Working data START

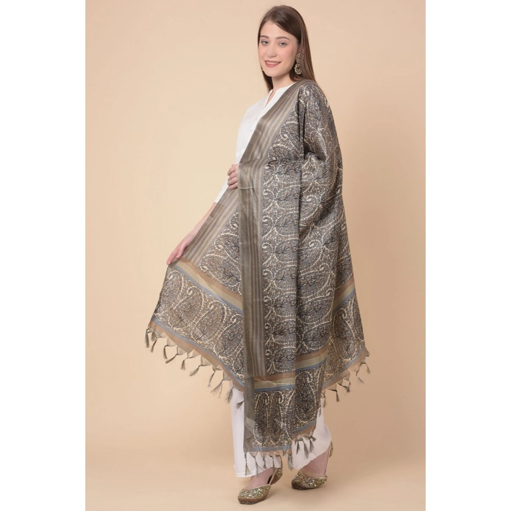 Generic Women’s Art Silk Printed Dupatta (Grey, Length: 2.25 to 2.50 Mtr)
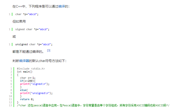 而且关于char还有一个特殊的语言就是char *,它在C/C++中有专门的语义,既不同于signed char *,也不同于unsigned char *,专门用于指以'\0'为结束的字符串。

Working data END
Working data START

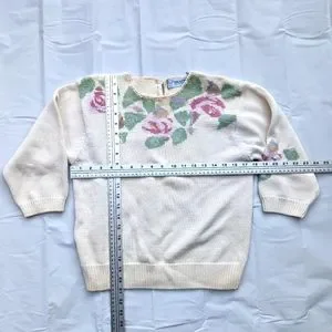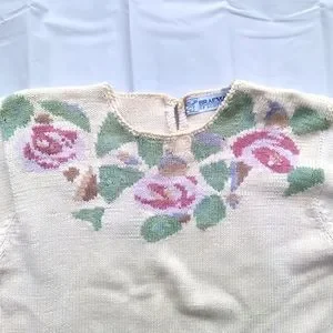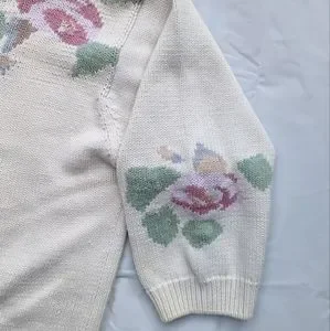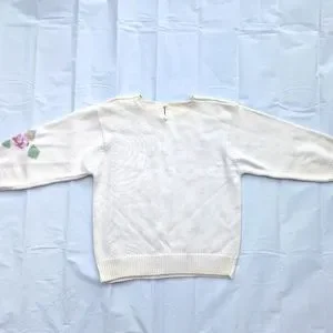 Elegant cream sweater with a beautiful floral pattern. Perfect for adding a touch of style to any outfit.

Working data END

» To do:
Print exactly, with no pictures, the lines above from the one that holds "Generic Women’s Art" through the one that holds "而且关于char还有一个特殊的语言就是char *,它在C/C++中有专门的语义,既不同于signed char", both of them included.

» Answer to this exercise:
 Generic Women’s Art Silk Printed Dupatta (Grey, Length: 2.25 to 2.50 Mtr)
 而且关于char还有一个特殊的语言就是char *,它在C/C++中有专门的语义,既不同于signed char *,也不同于unsigned char *,专门用于指以'\0'为结束的字符串。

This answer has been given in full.